In the entries below, the lines from the one with "〇サクラをモチーフにしたオリ" through the one with "Bagażniki Kraków ul.Fatimska" are to be copied exactly; both ends count.

- THE RECORDS -
*** Begin section ***
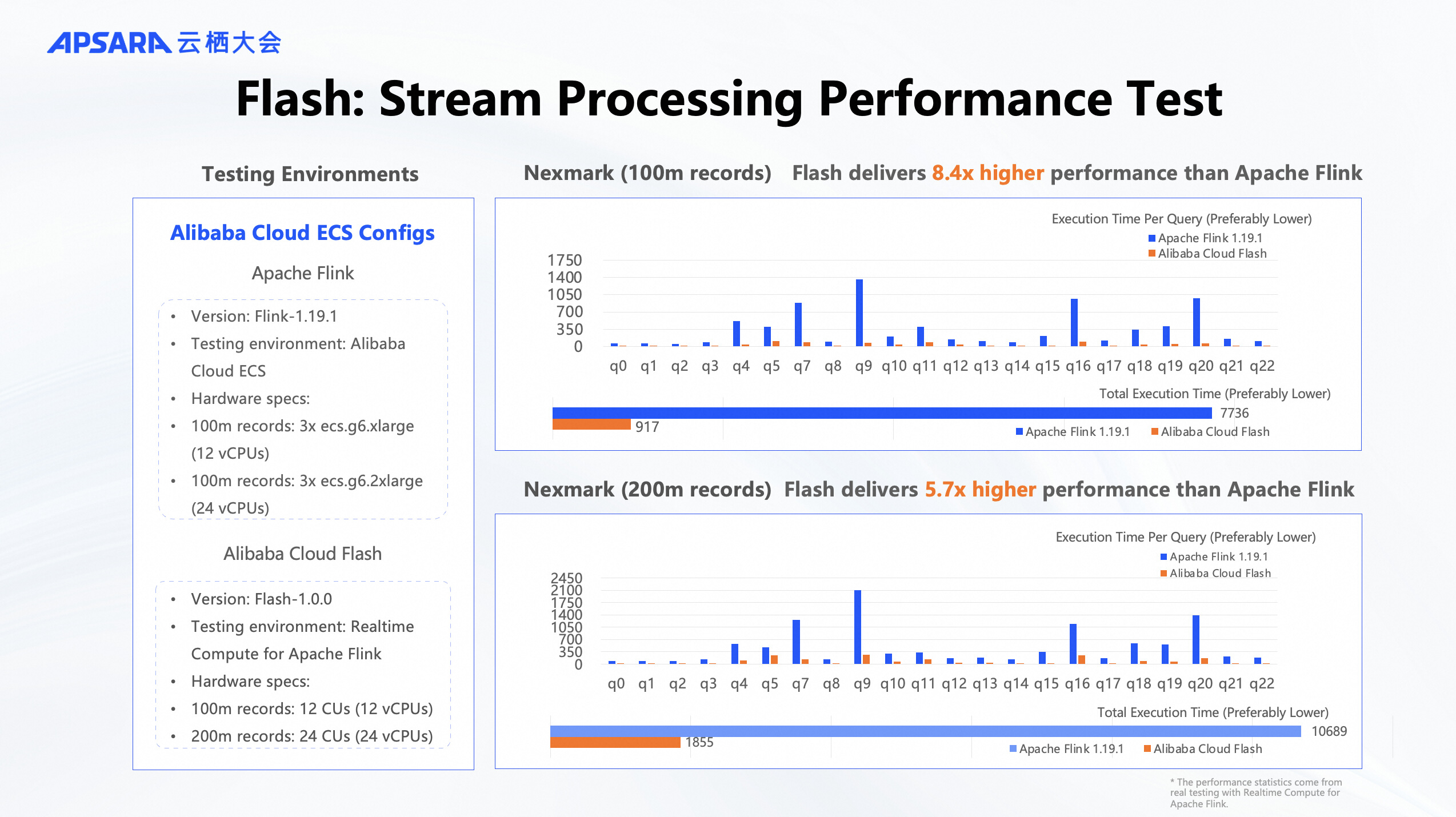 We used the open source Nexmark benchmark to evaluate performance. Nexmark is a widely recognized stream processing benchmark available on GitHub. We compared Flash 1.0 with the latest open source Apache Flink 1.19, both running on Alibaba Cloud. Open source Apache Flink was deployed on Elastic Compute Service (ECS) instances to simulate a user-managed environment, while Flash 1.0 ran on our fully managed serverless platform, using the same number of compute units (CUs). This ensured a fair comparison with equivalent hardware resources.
*** End section ***
*** Begin section ***
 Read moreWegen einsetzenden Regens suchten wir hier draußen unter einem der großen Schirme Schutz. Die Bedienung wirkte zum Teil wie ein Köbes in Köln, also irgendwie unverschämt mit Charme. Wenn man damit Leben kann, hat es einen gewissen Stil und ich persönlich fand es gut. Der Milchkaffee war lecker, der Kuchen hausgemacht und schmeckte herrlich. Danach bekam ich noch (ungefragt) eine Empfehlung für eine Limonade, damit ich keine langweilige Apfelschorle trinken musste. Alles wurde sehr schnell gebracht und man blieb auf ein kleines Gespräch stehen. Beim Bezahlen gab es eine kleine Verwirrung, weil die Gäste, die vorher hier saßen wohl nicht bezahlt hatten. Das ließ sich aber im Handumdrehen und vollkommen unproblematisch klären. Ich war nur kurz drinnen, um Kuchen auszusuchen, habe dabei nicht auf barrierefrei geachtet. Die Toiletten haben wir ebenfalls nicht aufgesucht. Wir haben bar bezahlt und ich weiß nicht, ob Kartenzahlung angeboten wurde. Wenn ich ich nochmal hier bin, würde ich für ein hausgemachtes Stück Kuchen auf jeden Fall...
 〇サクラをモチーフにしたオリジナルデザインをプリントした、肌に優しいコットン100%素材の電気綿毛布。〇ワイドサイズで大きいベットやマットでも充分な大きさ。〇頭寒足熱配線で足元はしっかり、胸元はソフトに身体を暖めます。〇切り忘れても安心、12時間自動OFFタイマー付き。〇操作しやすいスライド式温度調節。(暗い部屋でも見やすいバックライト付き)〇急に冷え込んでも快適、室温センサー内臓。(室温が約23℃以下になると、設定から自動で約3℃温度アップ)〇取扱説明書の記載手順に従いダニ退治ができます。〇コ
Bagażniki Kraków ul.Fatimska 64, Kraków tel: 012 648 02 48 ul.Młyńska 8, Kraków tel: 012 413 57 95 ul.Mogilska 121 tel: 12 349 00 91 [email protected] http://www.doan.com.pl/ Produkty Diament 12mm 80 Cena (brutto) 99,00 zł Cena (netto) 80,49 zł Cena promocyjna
*** End section ***
- SOLVED PROBLEM -
 〇サクラをモチーフにしたオリジナルデザインをプリントした、肌に優しいコットン100%素材の電気綿毛布。〇ワイドサイズで大きいベットやマットでも充分な大きさ。〇頭寒足熱配線で足元はしっかり、胸元はソフトに身体を暖めます。〇切り忘れても安心、12時間自動OFFタイマー付き。〇操作しやすいスライド式温度調節。(暗い部屋でも見やすいバックライト付き)〇急に冷え込んでも快適、室温センサー内臓。(室温が約23℃以下になると、設定から自動で約3℃温度アップ)〇取扱説明書の記載手順に従いダニ退治ができます。〇コ
Bagażniki Kraków ul.Fatimska 64, Kraków tel: 012 648 02 48 ul.Młyńska 8, Kraków tel: 012 413 57 95 ul.Mogilska 121 tel: 12 349 00 91 [email protected] http://www.doan.com.pl/ Produkty Diament 12mm 80 Cena (brutto) 99,00 zł Cena (netto) 80,49 zł Cena promocyjna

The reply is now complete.